Ce passage en société à mission est-il une valeur ajoutée pour la marque employeur et la reconnaissance des salariés ?
C’est un fait, la marque employeur du Groupe va désormais s‘articuler autour de la mission comme étant un élément de singularité et un différenciateur sur le marché.
Grâce au travail effectué en amont et aux consultations internes, ce nouveau statut devrait nous permettre de mieux recruter.
Au-delà de cet enjeu, les citoyens et collaborateurs attendent de plus en plus des entreprises qu’elles prennent le relais des pouvoirs publics. Nous en sommes conscients même si un des enjeux de la société à mission est de ne pas se disperser voire de se perdre en voulant évoquer tous les sujets. Il faut savoir placer le curseur pour éviter de trop embrasser. Une entreprise, si elle se doit d’être active sur tous les aspects de la vie de ses collaborateurs, ne peut pas pour autant tout inclure dans ses objectifs sociaux et sociétaux.
Ce nouveau statut pousse pourtant Korian à s’engager plus fortement. Pensez-vous que les entreprises doivent jouer un rôle encore plus important dans la résolution des grands défis de société ?

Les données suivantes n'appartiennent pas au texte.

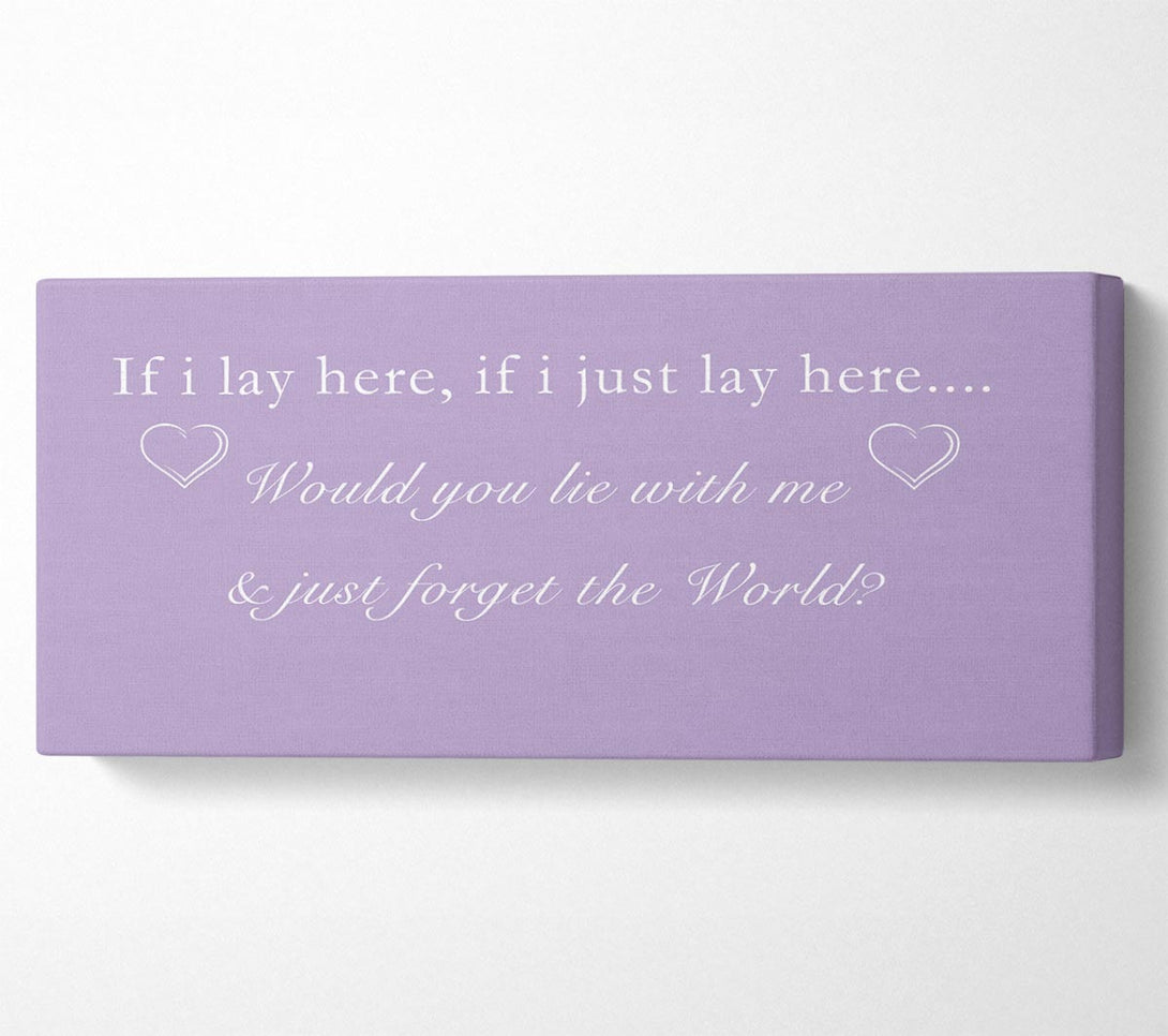 Music Quote If I Lay Here Snow Patrol Lilac canvas, printed on coated polyester canvas. Mounted on to a 44mm box frame, ready to hang.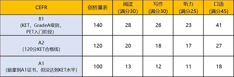 下面一圖為大家介紹劍橋考試每個等級的水平對標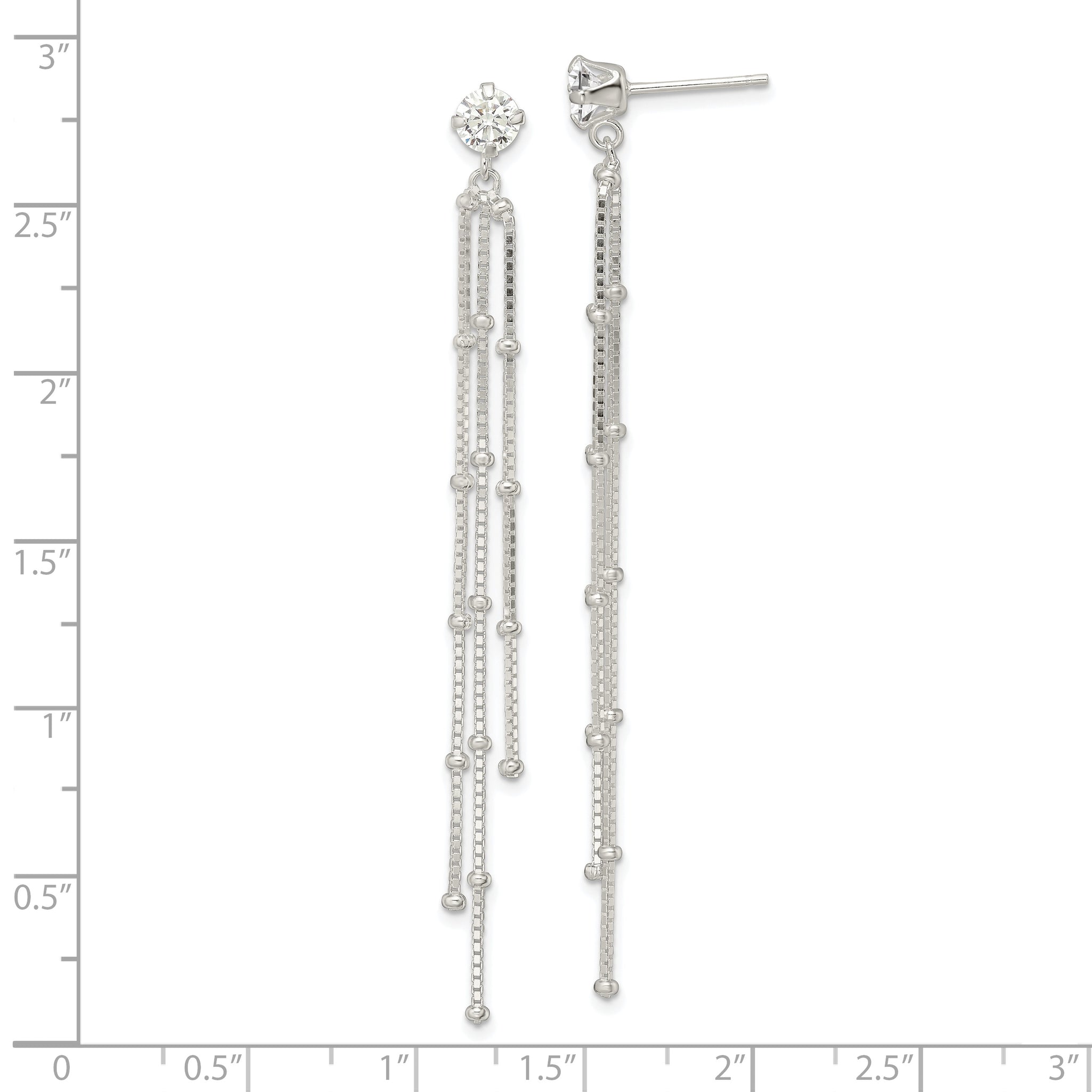 Sterling Silver Polished CZ Beaded Chain Dangle Post Earrings

Le statut de l’entreprise est ce qui fonde l’entreprise. Le fait que ce statut soit opposable à un comité de mission indépendant, neutre sur le sujet, nous oblige à prendre la pleine mesure de nos ambitions et à nous exprimer sur le sujet pour démontrer notre volonté d’avancer. Le niveau d’exigence est très élevé et nous en sommes conscients. Ces engagements nous obligent, mais c’est nous qui l’avons souhaité car nous sommes convaincus que cela va dans la direction souhaitée pour les entreprises socialement responsables et profondément insérées, comme nous, dans les territoires de santé.
Par ailleurs, il faut préciser que c’est un effort budgétaire important mais nous sommes convaincus que les investissements consentis seront bénéfiques. Ce sont des investissements incontournables pour restaurer la confiance et répondre aux interrogations des citoyens que nous sommes. Toutes les thématiques sélectionnées sont essentielles et visent à répondre à la question de la contribution de l’entreprise à son environnement. C’est un cercle vertueux. A nous maintenant d’en être fiers et de prouver que nous méritons ce statut.